If the answer to this question is yes, then we have to consider the concept of Collective Bargaining as a mechanism to lever better wages for people, and to ensure that work does pay. Collective Bargaining levels in the UK are a lot lower than similar sized European economies and it correlates with the low wages that blight UK workers; falling from over 80% in the 1970s to below 30% today. In places like France and Germany, wages have remained relatively high during the recession and both countries have high densities of collective bargaining in the main industries of their economies. This is not what the Right calls Unions ‘holding the economy to ransom’. It is about ensuring democracy is ingrained into every area of public life; allowing workers have a say in their lives at work, and to develop a sense of control over their own destinies and futures. It would also place wages, terms and conditions, and respect at the heart of our economy, above profit and above greed. It is a matter a priorities. And once again, this is not about some nostalgic lurch into the past, it is about an organic renewing and reorganising of Collective Bargaining agreements to fit current needs. The thinktank Class has called this ‘Reconstruction after the Crisis’, and this is exactly what is required: a reconstructing of the battered economy with people and the heart.

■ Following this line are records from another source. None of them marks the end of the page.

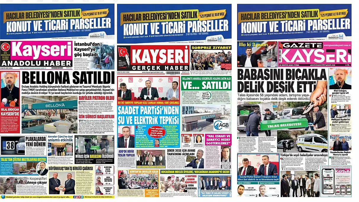 Kayseri yerel basında 9 Mayıs Cuma günü öne çıkan manşet haberlerini sizler için derledik.
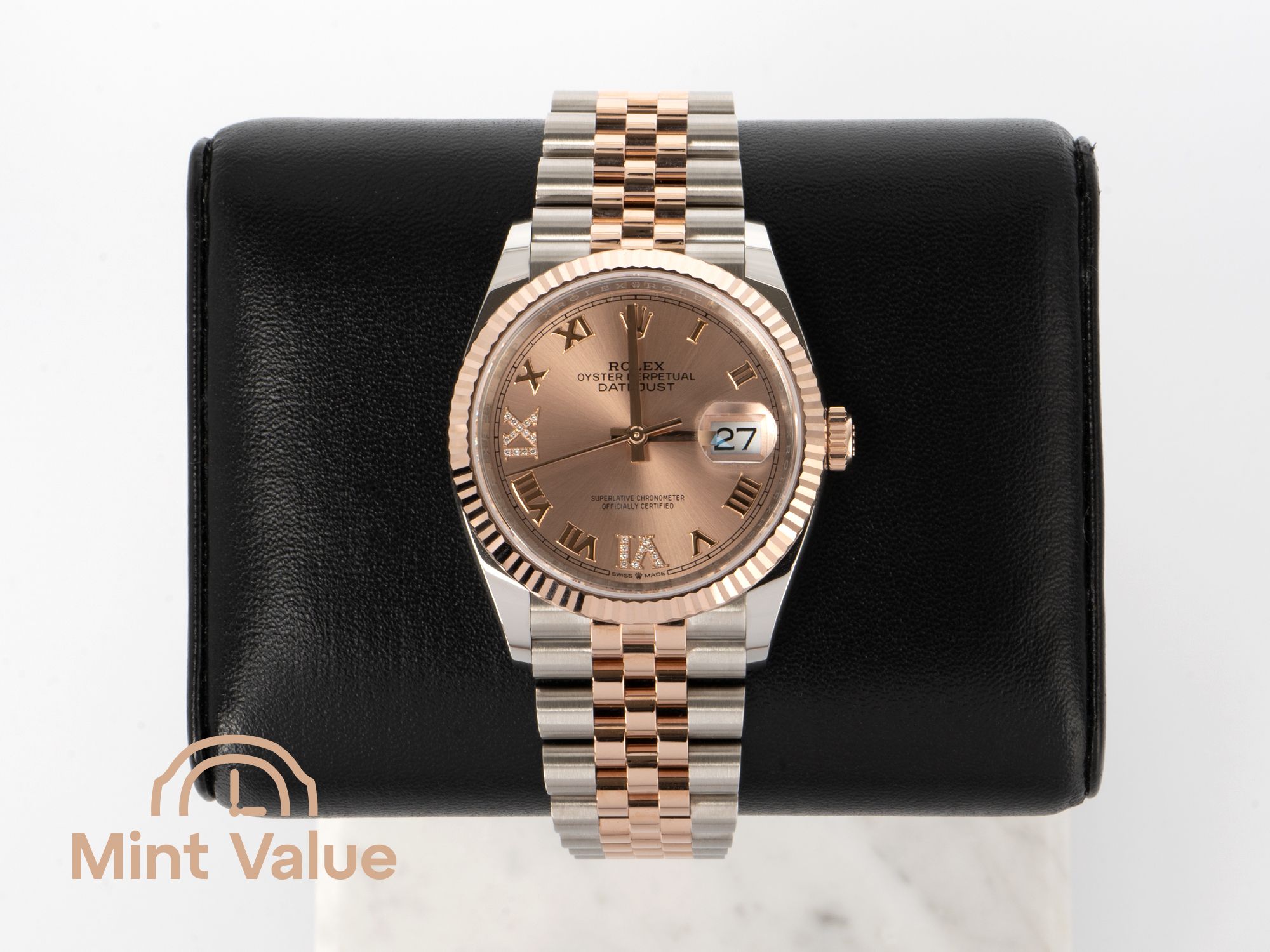 Rolex Datejust 36 Rose VI And IX With Diamonds — Ref. 126231A refined expression of elegance with a precisely placed diamond accent. The Rolex Datejust 36 Ref. 126231
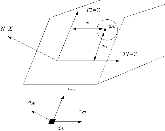 С перечисленными направлениями связаны следующие напряжения: σNN, τNT1 и τNT2.
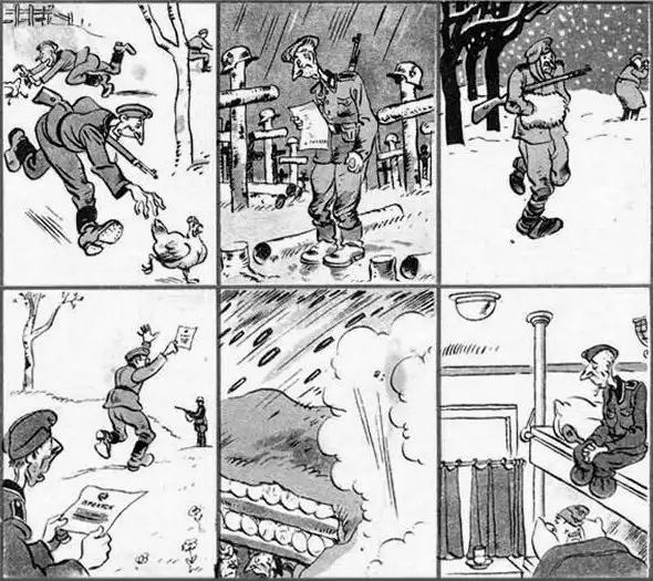 Законодателями мод были Борис Ефимов и коллектив художников, работавших под псевдонимом Кукрыниксы (Михаил Васильевич Куприянов, Порфирий Никитич Крылов и Николай Александрович Соколов). Помимо всемирно известных одиночных рисунков-карикатур, на страницах газет и в отдельных изданиях появлялись настоящие комиксы — серии рисунков со связанным сюжетом. Обычно это были истории о немцах, которые хотели поработить советский народ, но получили отпор. Художники работали так, чтобы даже без подписей и реплик нарисованная история становилось понятной самому неискушённому читателю.
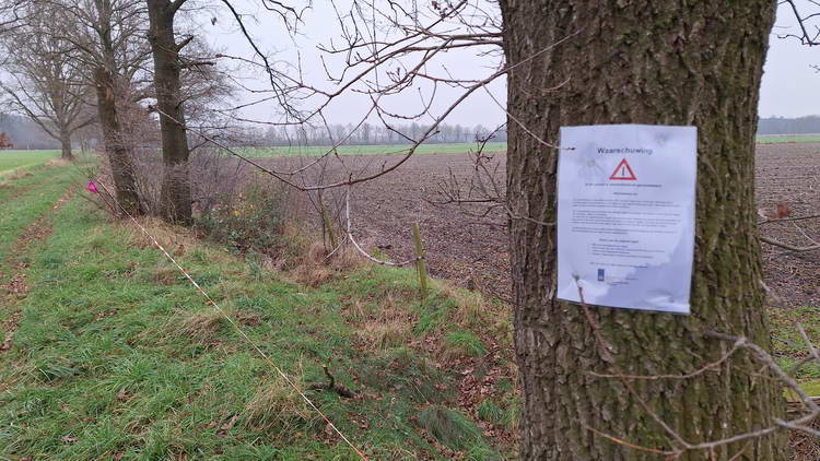 Rode linten en alarmerende papieren op bomen waarschuwen voor de
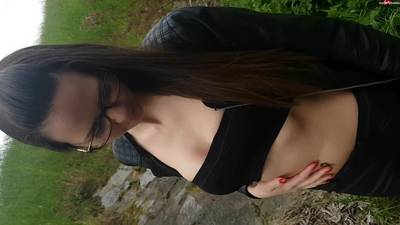 Brunette with glasses gives a blowjob outdoors
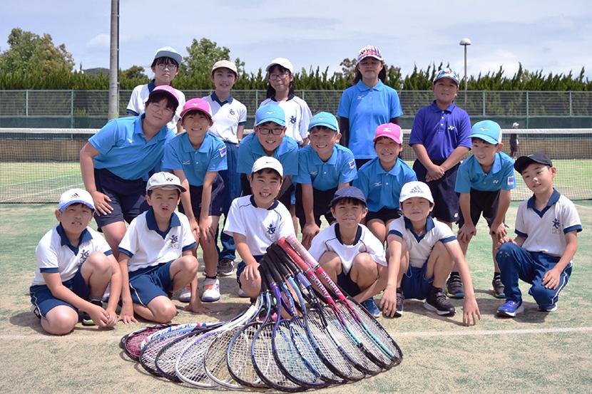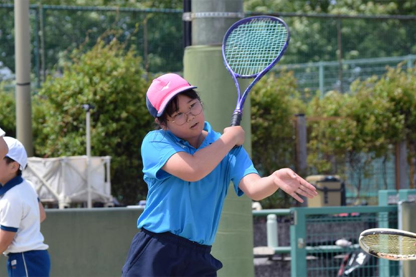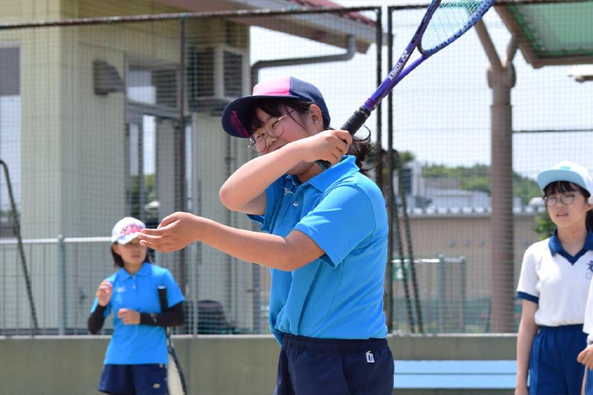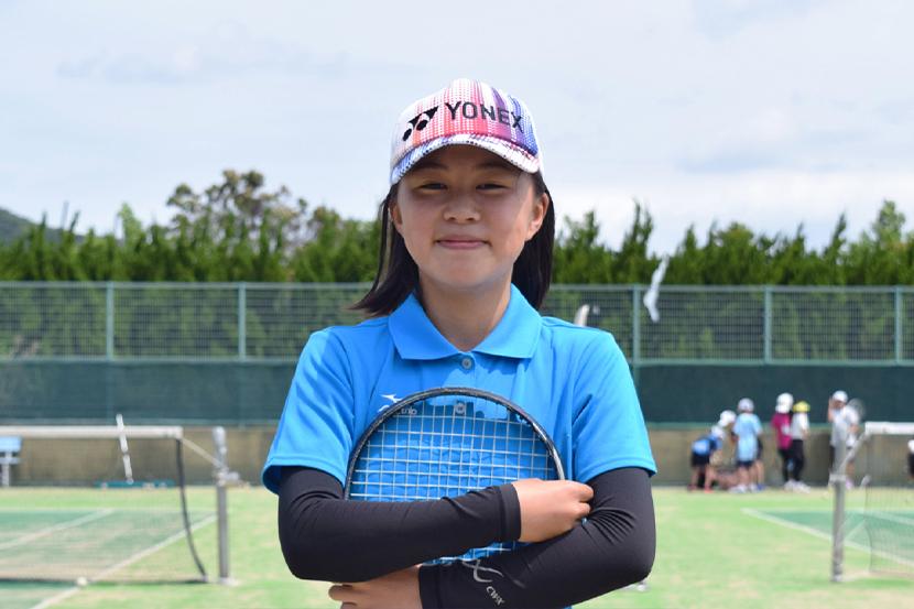 小学2年からソフトテニスを始めました。5年生でやめることも考えたけど、試合に勝つと楽しいから続けられています。今は県大会予選リーグ突破を目指して頑張っています。
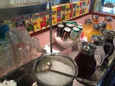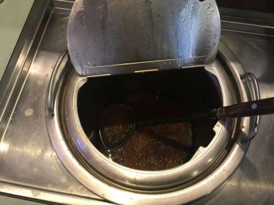 セルフサービスのスープを取りに行くと、スープポットはほとんど空。
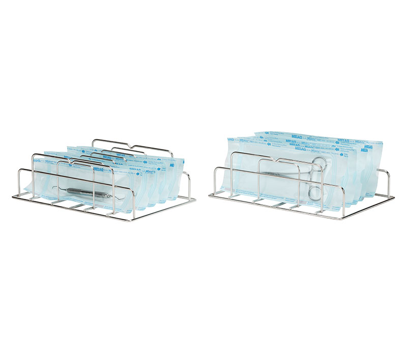Der praktische Melag Folienhalter eignet sich für Autoklaven mit 35cm Kesseltiefe für eine optimale Sterilisation von folienverpackten Instrumenten.
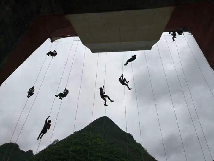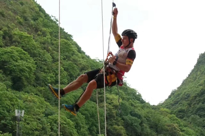 Here we have to climb 20m of vertical hanging rope with Jumars.  Our team has practised good technique and we gain over 6mins on the two other teams putting us in the lead going into the final leg, a 16km trail run.

This is not to say that Unions are perfectly functioning organisations that currently have the structural and political prowess to position themselves in the ways necessary. Workplaces have changed dramatically over the last quarter of the 20th century, and Unions must adapt appropriately. Workplaces are now much more dispersed and fragmented; the days of shipyards and pits, with communities built around industry, are over, and workers are no longer concentrated in one singular geo-political space for long periods of time. They are dispersed across time and place, with remote-working and oscillating zero-hour contracts. The modern workforce is transitional and ever-changing and shifting. This means that traditional forms of organising need to change and be reinvigorated. Central to this is Unions integration into communities and with broader societal movements such as the Green movement and other campaigning groups such as War on Want. The affiliation fees saved from not funding the Labour Party could come in very useful…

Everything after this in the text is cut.